C.2 with"chassis court"
The Citroën Type C was a light car made by the French Citroen car company between 1922 and 1926 with almost 81,000 units being made. The car was originally called the Type C but was updated to the C2 in 1924 which was in turn superseded by the slightly longer C3 in 1925. The Type C was, and still is, also well known as the 5CV due to its French fiscal rating of its engine for taxation purposes. More colloquial sobriquets, referring to the tapered rear of the little car's body, were 'cul-de-poule' (hen's bottom) and 'boat deck Citroën'
There were two types of chassis: the C, which was also used for the C2, and the C3. They varied in length with the original Type C/C2 measuring 2.25 metres (7 ft 5 in) in length, and the 1925 C3 measuring 2.35 metres (7 ft 9 in). The suspension used inverted quarter elliptic springs at the front and rear, braking was on the rear wheels only, controlled by a hand lever, and on the transmission by the foot brake.

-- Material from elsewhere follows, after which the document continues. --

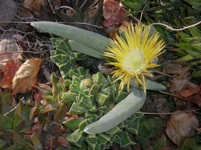ich würde auch in die richtung Cephalophyllum oder Cheiridopsis gehen, aber ein paar detailliertere bilder könnten durchaus helfen. gegen Carpodrotus spricht schon die "Größe" der hier gezeigten pflanze. vor allem aber die blattform spricht für mich dagegen, sowie die bereifung!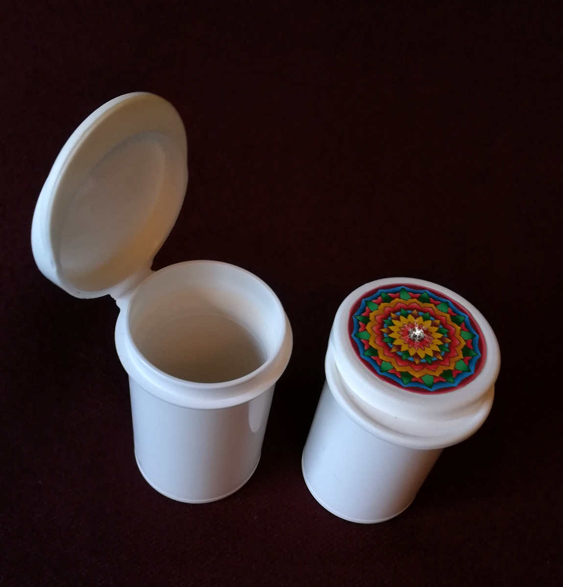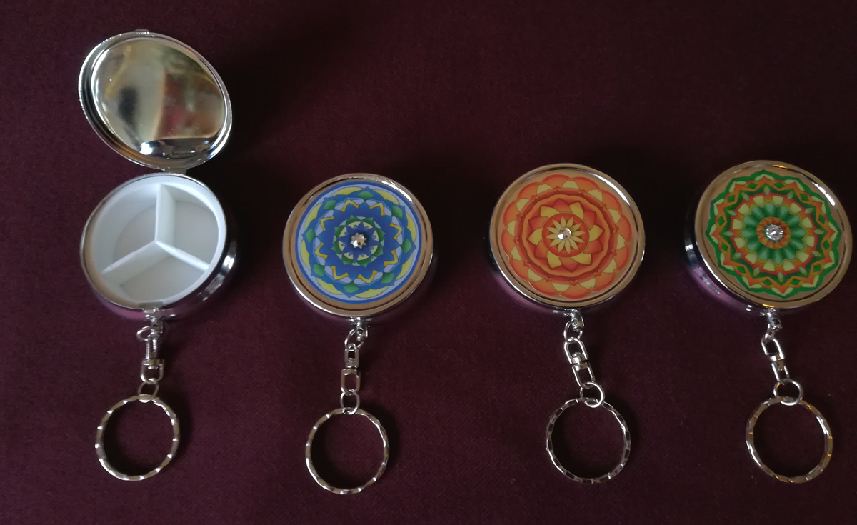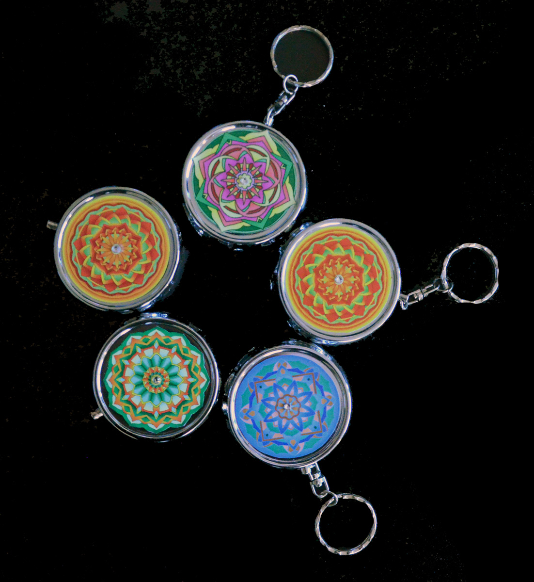 Scatoline pratiche per tutti i tipi. Tutti hanno un mandala e un "gioiello" scintillante. Cliccare sull'immagine per ingrandirla.

Only open bodies were made with the original Type C, often nicknamed the "Petit Citron" (little lemon), due to it only being available in yellow at first, as one of the more popular variants. The C2 tourer was a two-seat version but the C3 was a three-seat "Trefle" (Cloverleaf) three-seat model with room for a single passenger in the rear. There were also C2 and C3 Cabriolets (torpedos) made.